Dinarzade questa notte s’indennizzò della precedente, poichè destatasi molto prima di giorno, pregò tosto Scheherazade di raccontare il seguito della storia del pescatore e del genio, cui il sultano non meno di lei bramava ascoltare. — Eccomi pronta,» rispose la sultana, «a contentare la curiosità d’entrambi.» Allora, volgendosi a Schahriar: «Sire,» proseguì ella, «finita ch’ebbe il pescatore la storia del re greco e del medico Duban, ne fece l’applicazione al genio che sempre teneva chiuso nel vaso.

«— Se il re greco, » diss’egli, «avesse acconsentito a lasciare in vita il medico, Dio avrebbelo lascialo pur vivere anch’esso; ma perchè rigettò le sue più umili preghiere, Dio lo punì. Così pure fu di te, o genio; se avessi potuto placarti ed ottenere da te la grazia che ti domandava, avrei ora compassione dello stato in cui ti trovi; ma poichè, malgrado il grande obbligo che m’avevi per averti messo in libertà, hai persistito nella deliberazione d’uccidermi, io pure, alla mia volta, sarò spietato. Voglio adunque, lasciandoti in questo vaso, e gettandoti di nuovo in mare, toglierti l’uso della vita sino alla fine de’ secoli: è questa la vendetta che pretendo fare su te. — Pescatore, buon amico mio,» rispose il genio, «ti scongiuro di nuovo a non fare azione sì crudele. Pensa non essere virtù il vendicarsi, ma laudevol cosa è invero render bene per male; non trattarmi come Imma trattò una volta Ateca. — E che fece Imma ad Ateca?» chiese il pescatore. — Oh! se brami saperlo,» rispose il genio, «aprimi codesto vaso: credi tu ch’io abbia la voglia di contar storie in una sì angusta prigione? Novellerò fin che vorrai, quando [p. 75 modifica]mi avrai di qui tratto. — No,» disse il pescatore, «non isperare ch’io ti liberi; ma cessi ormai il ragionare; torna dunque in tondo agli abissi. — Un’altra parola, pescatore,» gridò il genio; «ti prometto di non farti alcun male; anzi, t’insegnerò un mezzo di diventare opulentissimo.» La speranza di trarsi dalla miseria disarmò il pescatore. — Potrei ascoltarti,» gli disse, «se si potesse far calcolo sulla tua parola: giurami, pel santo nome di Dio, che farai di buona fede quanto dici, ed io ti aprirò il vaso. Credo che non sarai tanto ardito da violare un tal giuramento.» Il genio lo fece, ed il pescatore levò subito il coperchio del vaso. Ne uscì tosto il fumo, ed il genio, ripigliata la sua forma nella stessa maniera dell’altra volta, la prima cosa che fece fu di gettar il vaso nel mare con un calcio. Quell’atto spaventò il pescatore. — Genio,» gli disse, «che cosa significa ciò? Non volete osservare il giuramento testè fatto? E dovrò ripetervi le parole del medico Duban al re greco: Lasciatemi vivere, e Dio prolungherà i vostri giorni?

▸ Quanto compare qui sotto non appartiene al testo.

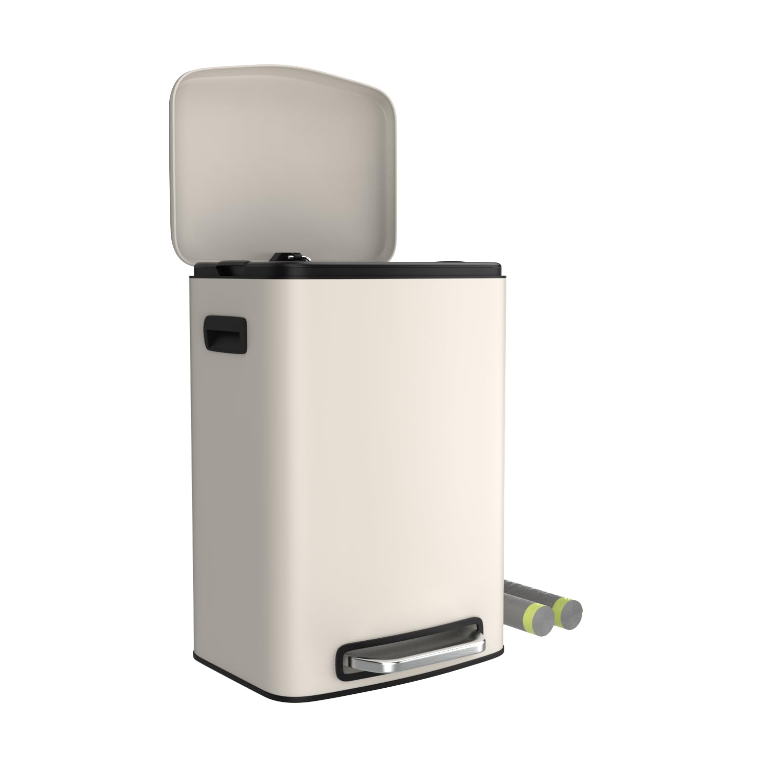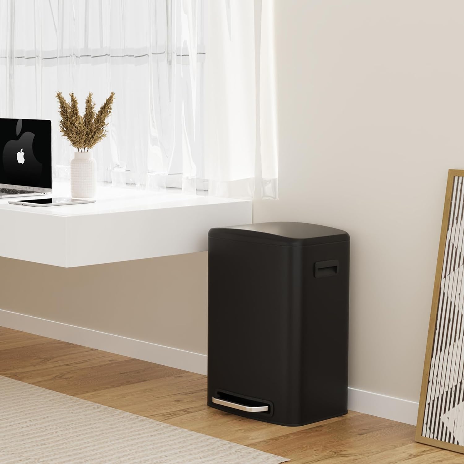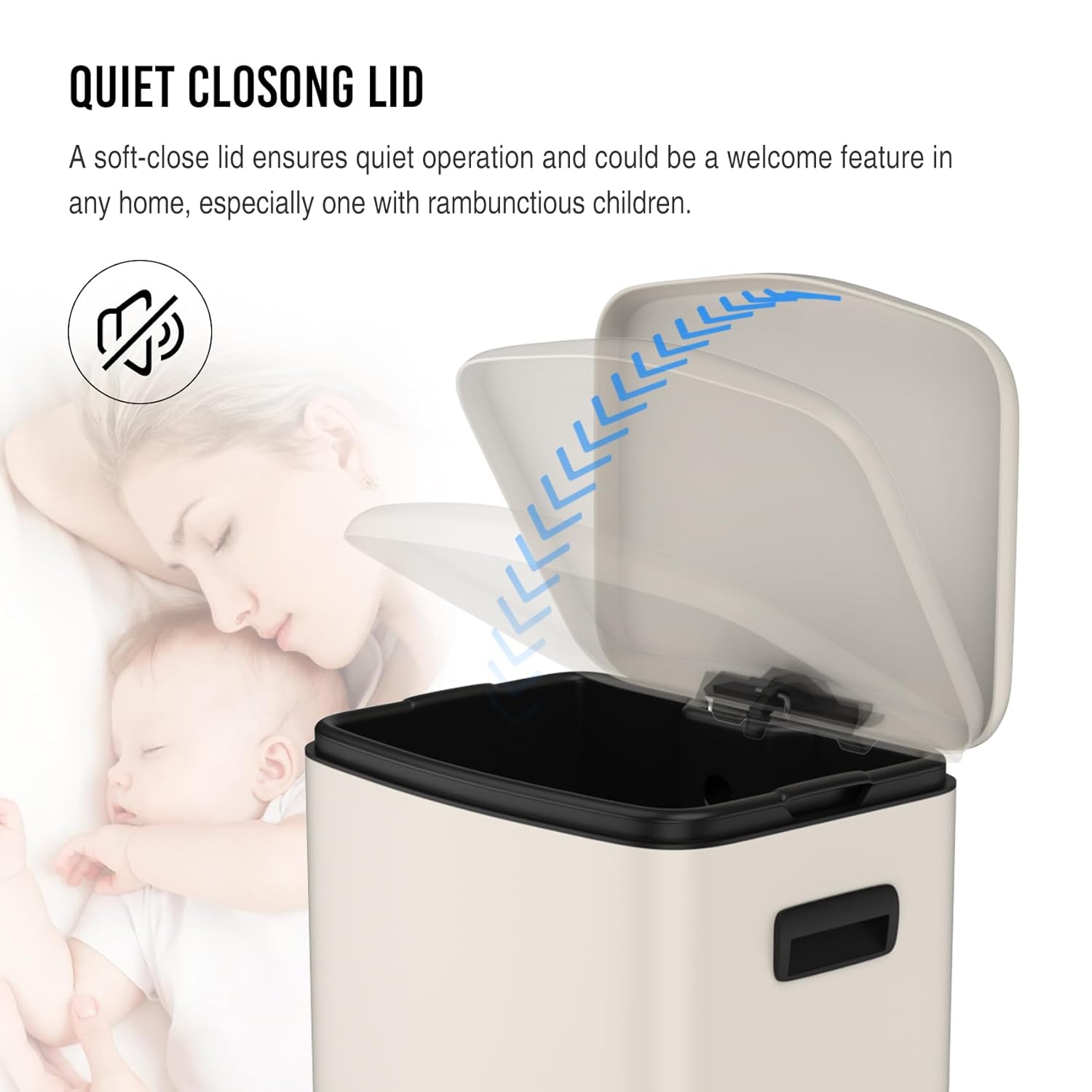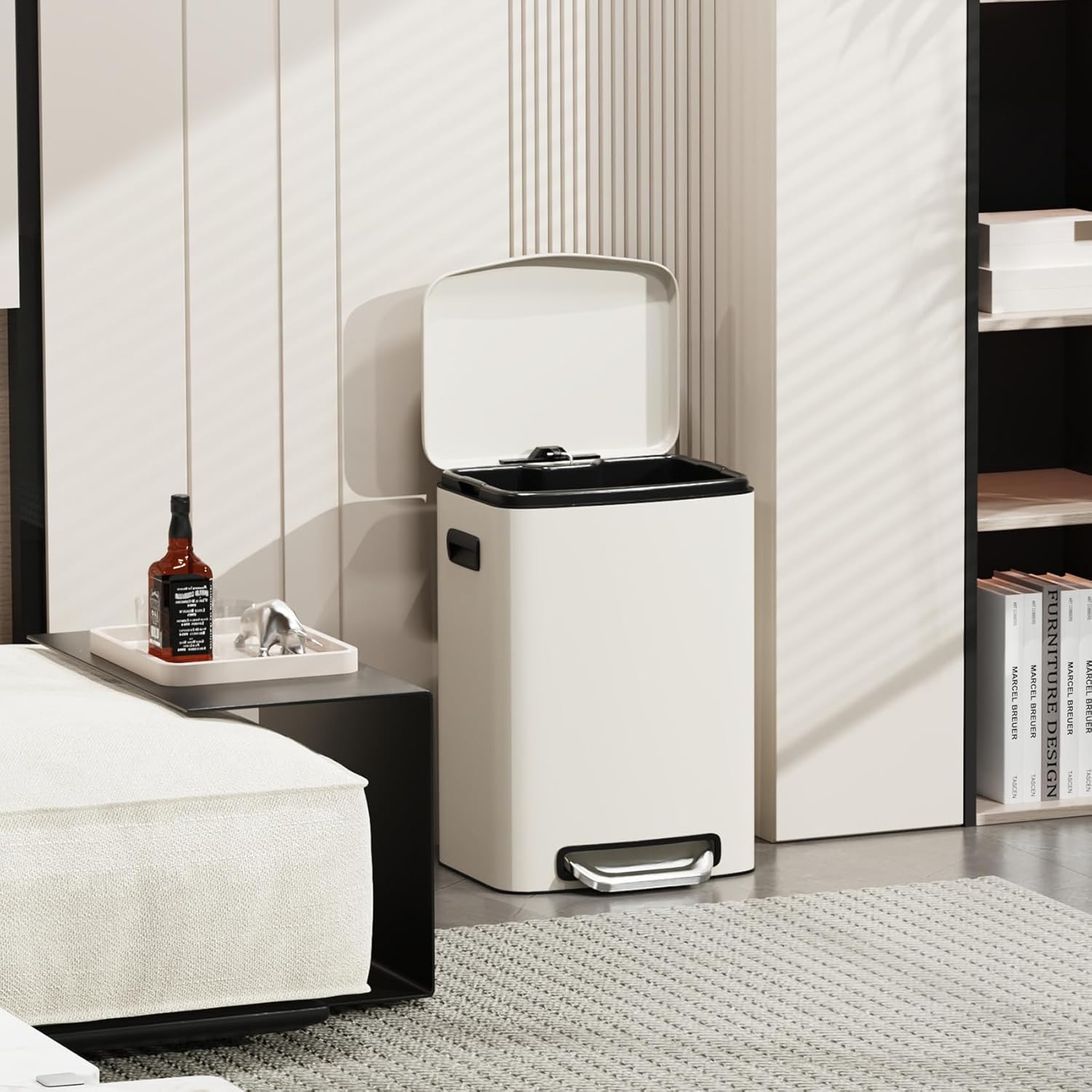 GarveeHome 56 L/14.8 gal Step-On Kitchen Trash Can with Butterfly Lid,2 * 7.4 gal Dual Compartments Garbage Can with Wing Lid, Slim Pedal Stainless Steel Trash Bin with Removable Buckets

«La tema del pescatore fe’ ridere il genio, il quale gli rispose: — No, pescatore, ti rassicura: gettai in mare quel vaso sol per divertirmi e vedere se ne avresti paura; ma per convincerti che voglio mantenerla parola, prendi le reti e seguimi.» Ciò dicendo, si mise a camminare innanzi al vecchio, il quale, carico delle sue reti, lo seguiva con certa qual diffidenza. Passarono davanti alla città, e saliti in cima d’un monte, scesero quindi in un’ampia pianura, e si diressero verso uno stagno situato tra quattro colline.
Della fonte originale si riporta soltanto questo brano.